GlassFish Install 04 - JDK SelectionThe installer has detected correctly the JDK which was installed earlier.  There is an option to type in another custom location of any JDK you want to use instead.  Click Next.

Next comes the update tool page.  The installer will install an update tool that will check for GlassFish Server updates.  You can uncheck this if you want.

GlassFish Install 05 - Update ToolI will leave it installed.  Click Next.

Then comes the summary page before finalising the install.

GlassFish Install 07 - Ready to InstallClick Install.

Installation will then begin.

GlassFish Install 08 - ProgressAfter the installation has finished, the installer will perform some configuration, and the next page will show the configuration results.

GlassFish Install 09 - Config ResultsTake note of the Admin Port.  In this case it is 4848.  Click Next.

Finally, the installer will show a summary of the installation.

GlassFish Install 10 - SummaryClick Exit to close the installer.

By default, the GlassFish console running on the Admin Port (4848 as noted during the installation) will not accept remote connections.  Therefore, we have to run a browser from the server itself.

# yum install firefox
# dbus-uuidgen > /var/lib/dbus/machine-id
# firefox

Key in localhost:4848 to the address bar, and the GlassFish console will load!

GlassFish Install 11 - GlassFish ConsoleGlassFish Server Open Source Edition is now ready to be used.


Update 30 August 2013 – Securing the Admin Port

It turns out, to enable remote access to the GlassFish Console is easy.  Just use the enable-secure-admin command:

# /root/glassfish4/bin/asadmin enable-secure-admin
remote failure: At least one admin user has an empty password, which secure admin does not permit. Use the change-admin-password command or the admin console to create non-empty passwords for admin accounts.
Command enable-secure-admin failed.

The command failed because the default password for the GlassFish Console admin is blank.  We need to set it to a non-blank password before enabling secure admin.

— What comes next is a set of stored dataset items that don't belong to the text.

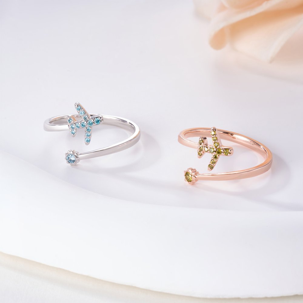 Ringen har en dynamisk flygplansform och är infattad med några skimrande födelsestenar, vilket skapar en unik flygplansestetik. Den öppna designen möjliggör inte bara enkel justering för att passa olika fingerstorlekar utan bidrar också till designens uppfinningsrikedom. Den övergripande designen är flytande och dynamisk och framkallar illusionen av ett flygplan som svävar mellan dina fingrar.
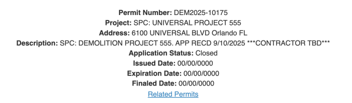 Now, based on the permit Universal filed on September 10th, the park is seeking to demolish 4.9 acres of “theme park site” in this area. While nothing has been exactly confirmed just yet, combining this permit with Universal’s statement, it seems that both of these former attractions will be demolished to make way for something new.
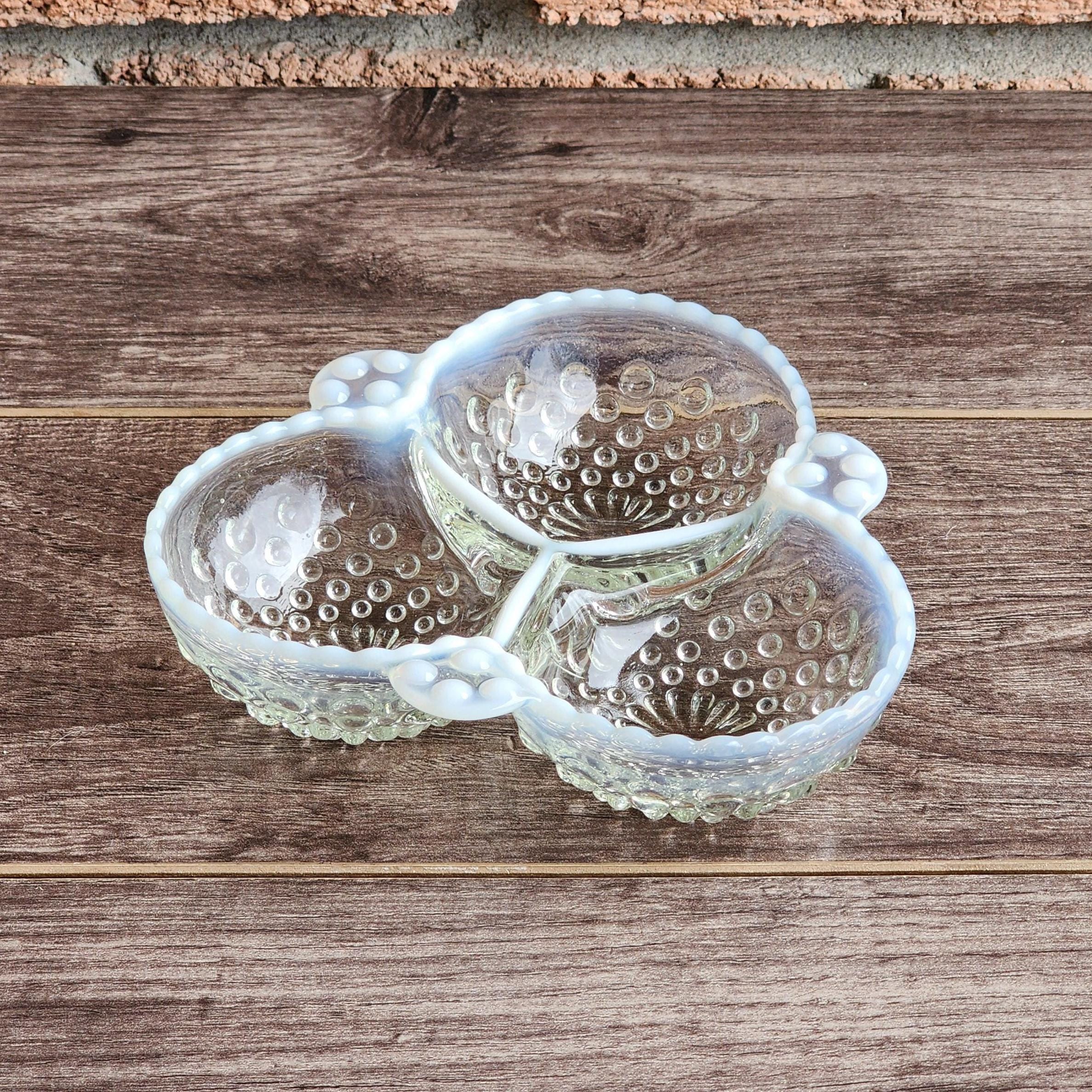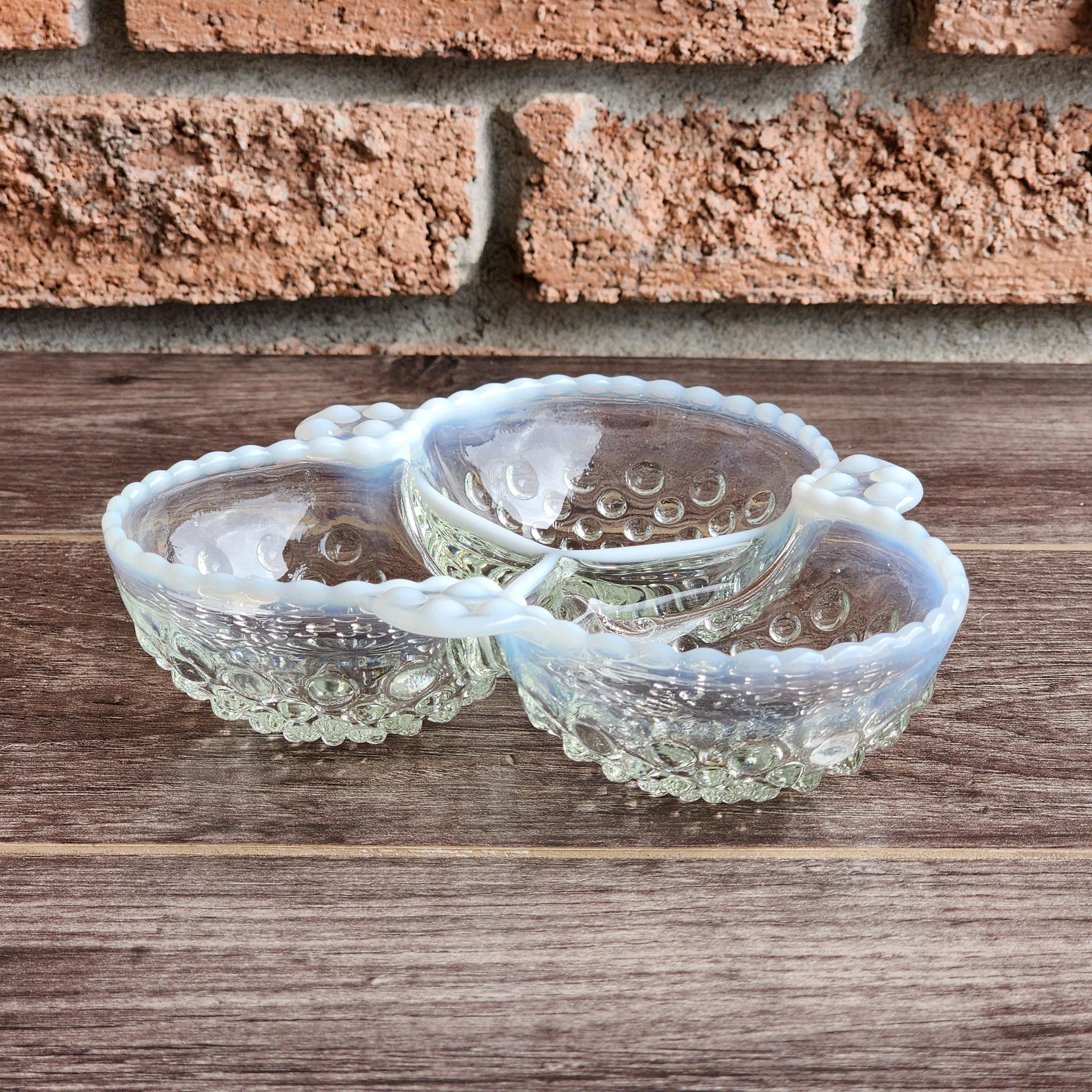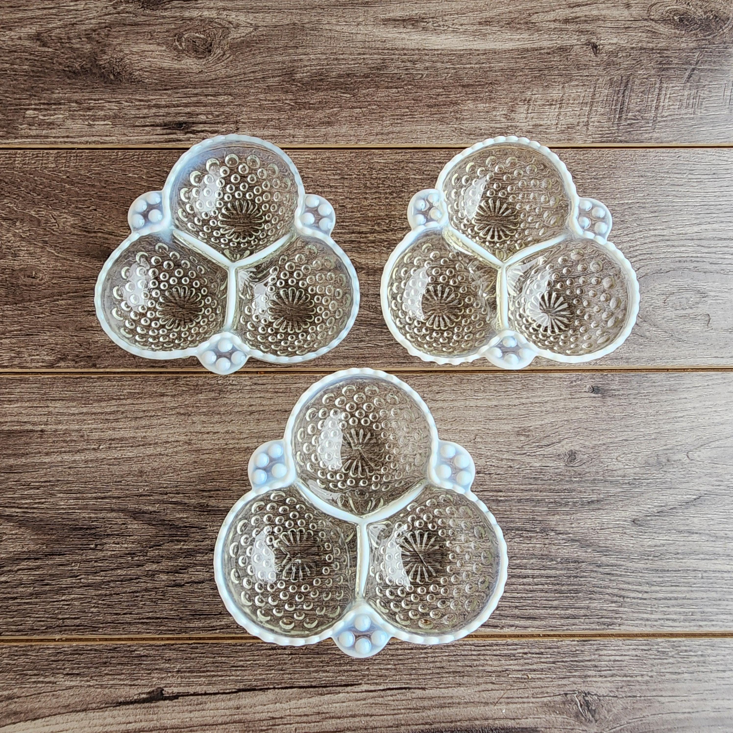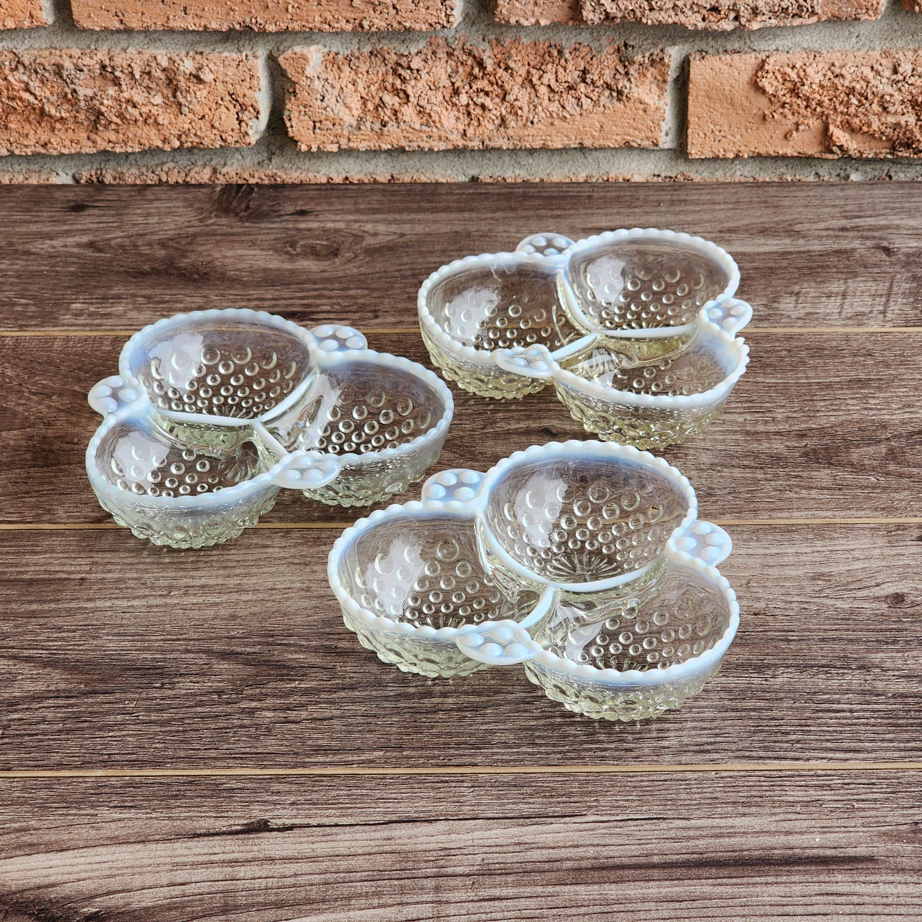 Fenton Style French Opalescent Hobnail Cloverleaf Relish Dishes – Mid Century Set of 3 USA

# /root/glassfish4/bin/asadmin change-admin-password
Enter admin user name [default: admin]>
Enter the admin password>
Enter the new admin password>
Enter the new admin password again>
Command change-admin-password executed successfully.

Now try the enable-secure-admin command again.

# /root/glassfish4/bin/asadmin enable-secure-admin
Authentication failed with password from login store: /root/.gfclient/pass
Enter admin password for user "admin">
You must restart all running servers for the change in secure admin to take effect.
Command enable-secure-admin executed successfully.

Restart the domain for the changes to take effect.

# /root/glassfish4/bin/asadmin stop-domain
Waiting for the domain to stop .
Command stop-domain executed successfully.

# /root/glassfish4/bin/asadmin start-domain
Waiting for domain1 to start ............................
Successfully started the domain : domain1
domain  Location: /root/glassfish4/glassfish/domains/domain1
Log File: /root/glassfish4/glassfish/domains/domain1/logs/server.log
Admin Port: 4848
Command start-domain executed successfully.

Don’t forget to open up port 4848 at the firewall.

# iptables -I INPUT 5 -m state --state NEW -p tcp --dport 4848 -j ACCEPT

Now the GlassFish Console is accessible outside of localhost.  Key in hostname:4848 in the address bar of your browser, and you will be presented with the GlassFish Console login page.  Your browser might throw a certificate error due to the self-signed certificate; just ignore this and add an exception.

GlassFish Install 12 - GlassFish Console Login PageUser Name should be ‘admin’ and the password will be the password you keyed in during the change-admin-password command earlier.